In this journey toward becoming Socratic, there are only two more steps.

Step 4: Learn to be kind and tough.

At Acton, we use the terms “warm-hearted” and “tough-minded” to describe the character of a Socratic Guide.  It’s not enough to show empathy and affection. Nor is it effective to weigh too heavily on holding boundaries and delivering consequences.

Being truly Socratic is a balance between the two.

Warm-hearted behaviors include listening with your whole self, affirming with growth mindset praise and supporting (not intervening) through struggles with love and presence. It is usually the fear of not being loved that drives people to be overly warm-hearted. The risk carried with it is caring more about being a friend than being a guide/parent.

On the other hand, tough-minded behaviors include sticking to your agreed upon schedule, being consistent with the delivery of consequences (ie, no special favors, or giving in because you are tired) and being crystal clear on limits and expectations. Here, the fear of losing control is what lies behind being overly tough-minded. The risk it carries is becoming a disciplinarian rather than a guide/parent.

We all lean more heavily toward one mindset and it takes self-awareness to know where you need to shift and grow.  It helps to have a partner for such growth. For example, in my family, I lean too heavily on being warm-hearted. Jeff leans too heavily on being tough-minded. We need each other to become more balanced. He teaches me to hold the lines consistently and I teach him to have more empathy.

Step 5: Unpush your own buttons.

I’m no psychologist but I do know what gets me riled up about my children is more about me than about them.  It’s taken years for me to recognize when my buttons are being pushed and to step back, take time and come back only when I can be fully present without heated emotions.

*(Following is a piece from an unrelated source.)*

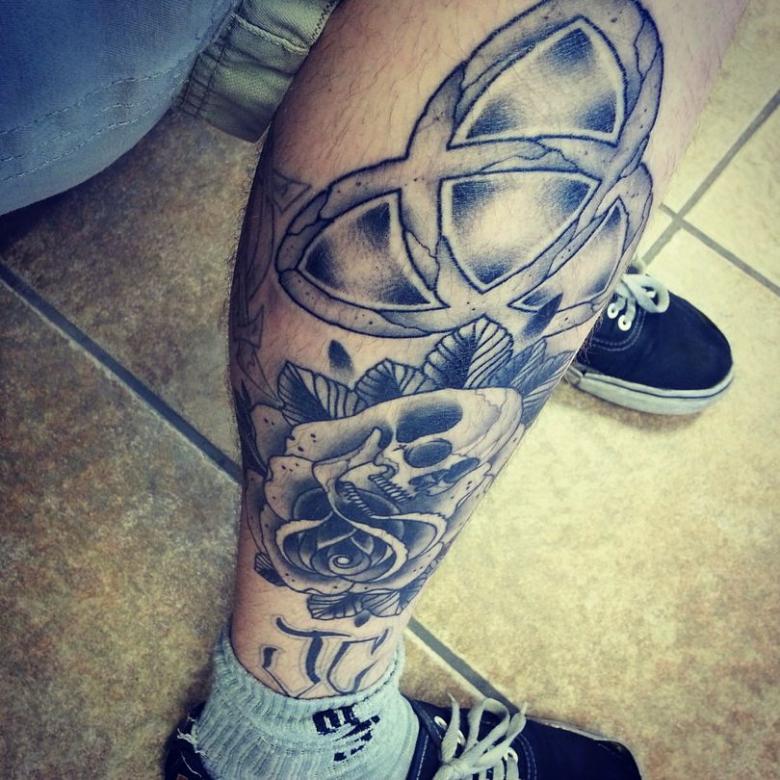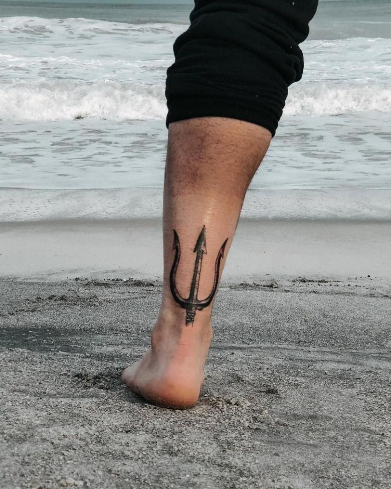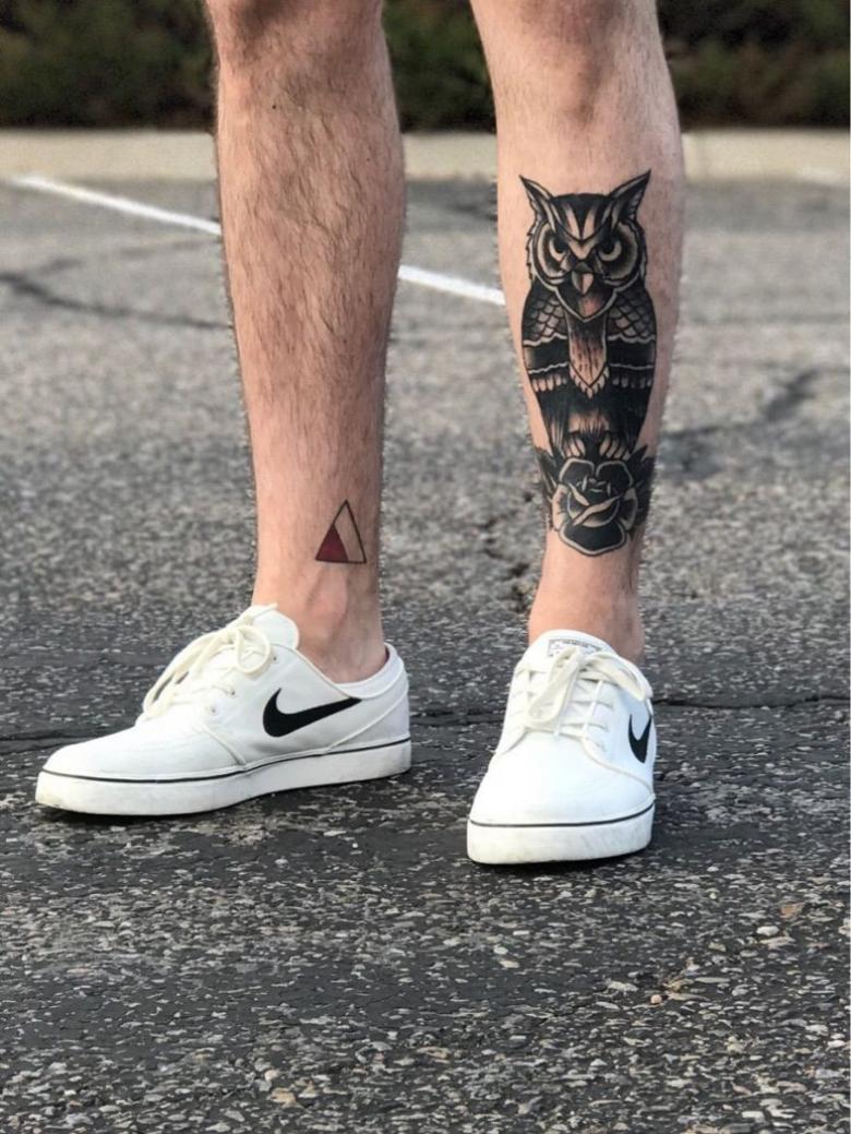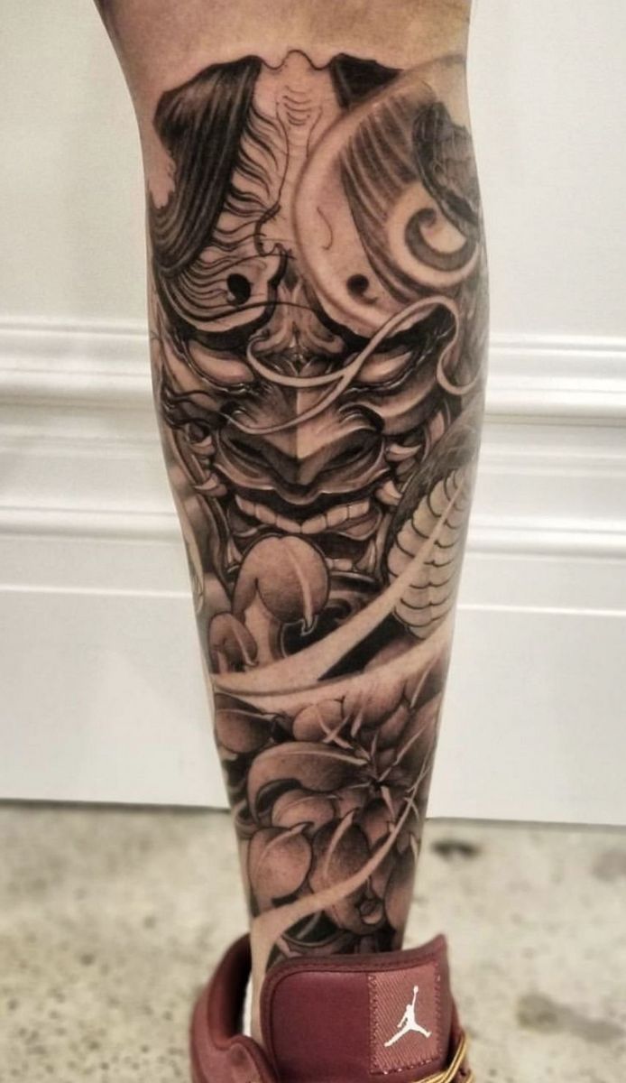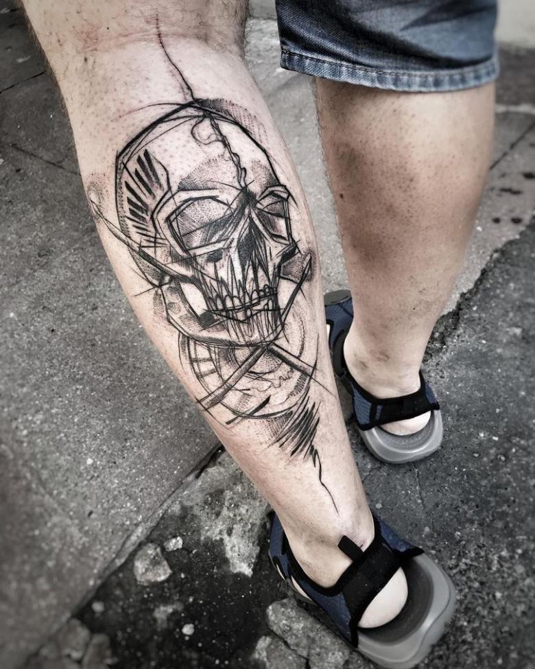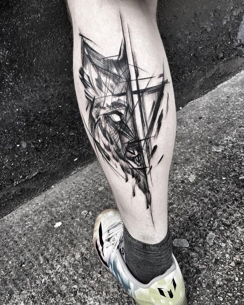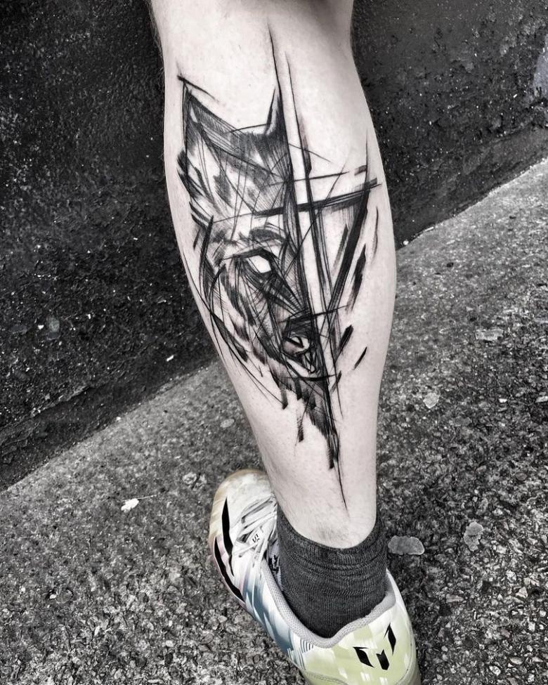 Comme pour la cuisse, il n'y a aucune douleur à être tatoué sur le tibia. Le plus souvent, les hommes optent pour un tatouage de mollet. Le design est esthétiquement plaisant grâce à la surface arrondie et lisse de l'endroit et conserve longtemps son aspect primaire.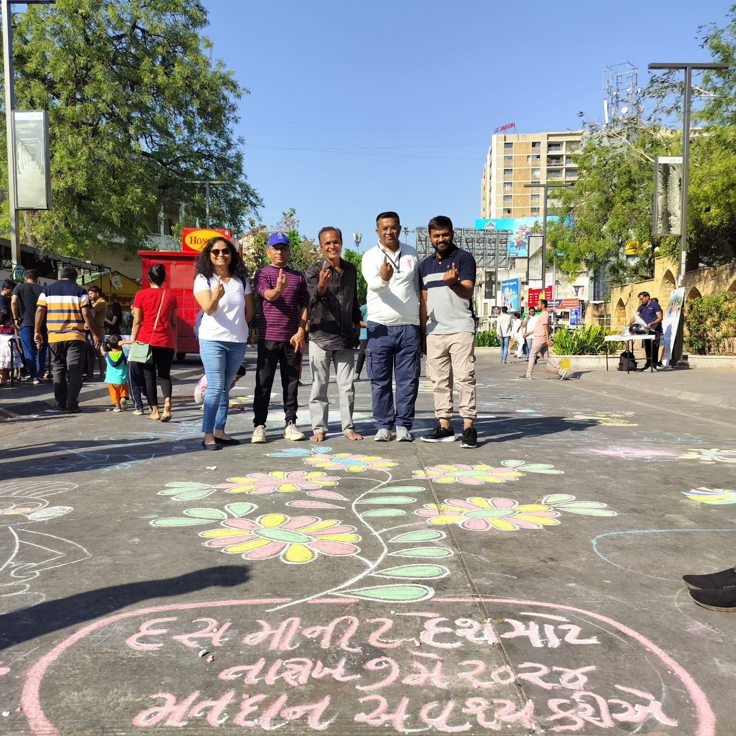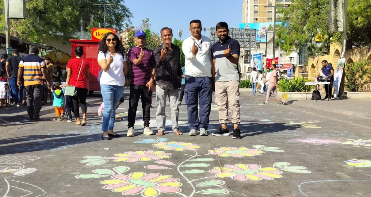 આ પ્રસંગે યુવાનોએ રોડ પર ‘મતદાન જાગૃતિ’નો સંદેશ આપતી વિવિધ સુંદર રંગોળી કંડારી હતી, જે આકર્ષણનું કેન્દ્ર બની હતી. યુવાનોએ સંગીતના તાલ પર નૃત્ય પણ કર્યું હતું.

At Acton, we ask our guides to leave their own “stuff” at the door. In other words, don’t bring into the studio your frustrations, buttons ready to be pushed or hang ups. Come with fresh eyes and, when needed, pause and step back to get re-set.

This New York Times article gives a simple way to think about stepping back and re-framing the situation when your emotional buttons are pushed.

You are ready if you so choose to become more Socratic at home. Godspeed on your journey.